» **Work instructions**
Scan the records below. List lines holding "leaves".

● ● ● ● ●

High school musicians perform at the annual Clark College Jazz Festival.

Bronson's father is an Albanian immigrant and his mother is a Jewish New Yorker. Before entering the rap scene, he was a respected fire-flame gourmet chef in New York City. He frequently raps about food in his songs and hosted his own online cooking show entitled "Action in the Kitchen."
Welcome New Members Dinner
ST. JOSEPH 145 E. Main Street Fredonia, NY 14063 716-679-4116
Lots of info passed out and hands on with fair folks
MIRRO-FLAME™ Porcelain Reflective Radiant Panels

● ● ● ● ●

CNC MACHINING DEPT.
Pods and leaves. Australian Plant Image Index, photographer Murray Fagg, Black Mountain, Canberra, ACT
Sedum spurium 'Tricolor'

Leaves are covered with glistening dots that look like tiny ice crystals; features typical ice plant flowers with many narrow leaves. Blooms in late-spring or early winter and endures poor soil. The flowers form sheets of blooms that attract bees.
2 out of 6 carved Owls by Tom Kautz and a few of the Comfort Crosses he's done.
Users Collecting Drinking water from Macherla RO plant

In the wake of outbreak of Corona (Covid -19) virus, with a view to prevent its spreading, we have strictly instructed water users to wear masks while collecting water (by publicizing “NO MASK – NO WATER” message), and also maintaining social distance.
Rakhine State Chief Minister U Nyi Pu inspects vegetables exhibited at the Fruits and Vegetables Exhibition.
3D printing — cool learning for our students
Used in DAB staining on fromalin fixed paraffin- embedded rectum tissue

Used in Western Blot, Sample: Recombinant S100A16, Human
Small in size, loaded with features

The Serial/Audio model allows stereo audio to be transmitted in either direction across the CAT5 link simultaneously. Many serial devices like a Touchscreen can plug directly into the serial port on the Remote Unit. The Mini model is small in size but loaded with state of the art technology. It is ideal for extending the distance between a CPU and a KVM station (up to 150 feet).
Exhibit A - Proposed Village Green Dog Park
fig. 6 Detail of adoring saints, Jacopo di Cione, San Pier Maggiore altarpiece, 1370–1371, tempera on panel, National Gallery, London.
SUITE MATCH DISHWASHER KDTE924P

● ● ● ● ●

» **Answer area**
Pods and leaves. Australian Plant Image Index, photographer Murray Fagg, Black Mountain, Canberra, ACT
Leaves are covered with glistening dots that look like tiny ice crystals; features typical ice plant flowers with many narrow leaves. Blooms in late-spring or early winter and endures poor soil. The flowers form sheets of blooms that attract bees.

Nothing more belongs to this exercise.